Task to complete: Give back every line of the material below exactly, but no images.

Collected data:
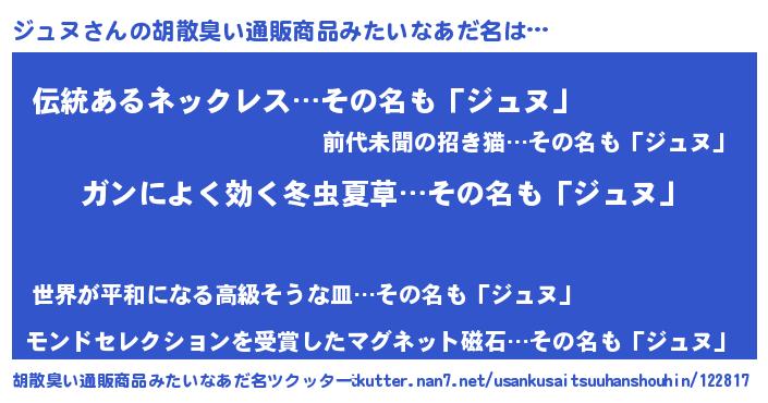 | ヘコむあだ名 | 『ジュっぺ』『ジュヌ(笑)』 |
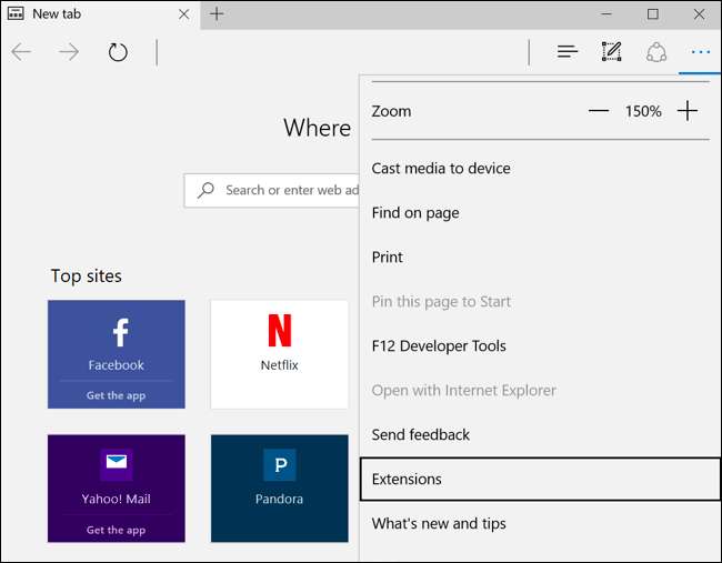 Microsoft Edgeに拡張機能をインストールするには、Edge Webブラウザーを開き、ウィンドウの右上隅にあるメニューボタンをクリックまたはタップして、[拡張機能]を選択します。
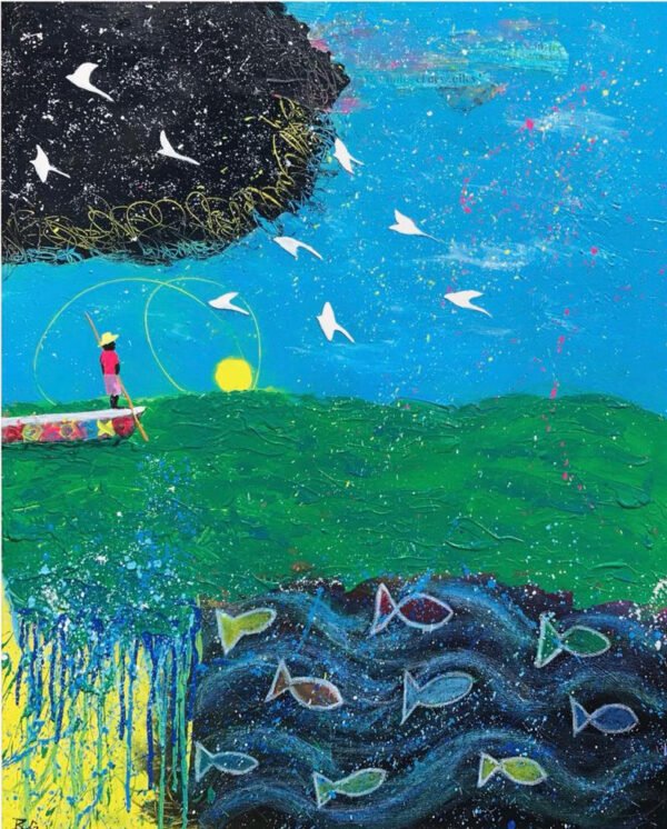Granper is a tender and profound homage to the elders, the anchors of our heritage. The small boat, cradled by the water, becomes a powerful symbol of life’s journey and the sacred passage of wisdom from one generation to the next. Under a sky alive with birds and above a sea teeming with fish, the grandfather sits as a guardian, embodying the eternal and sacred bond between the earth, the sea, and collective memory. This artwork is a poignant evocation of continuity—a quiet celebration of heritage, resilience, and the profound, guiding wisdom of those who came before us.

Solution to this exercise:
 | ヘコむあだ名 | 『ジュっぺ』『ジュヌ(笑)』 |
 Microsoft Edgeに拡張機能をインストールするには、Edge Webブラウザーを開き、ウィンドウの右上隅にあるメニューボタンをクリックまたはタップして、[拡張機能]を選択します。
Granper is a tender and profound homage to the elders, the anchors of our heritage. The small boat, cradled by the water, becomes a powerful symbol of life’s journey and the sacred passage of wisdom from one generation to the next. Under a sky alive with birds and above a sea teeming with fish, the grandfather sits as a guardian, embodying the eternal and sacred bond between the earth, the sea, and collective memory. This artwork is a poignant evocation of continuity—a quiet celebration of heritage, resilience, and the profound, guiding wisdom of those who came before us.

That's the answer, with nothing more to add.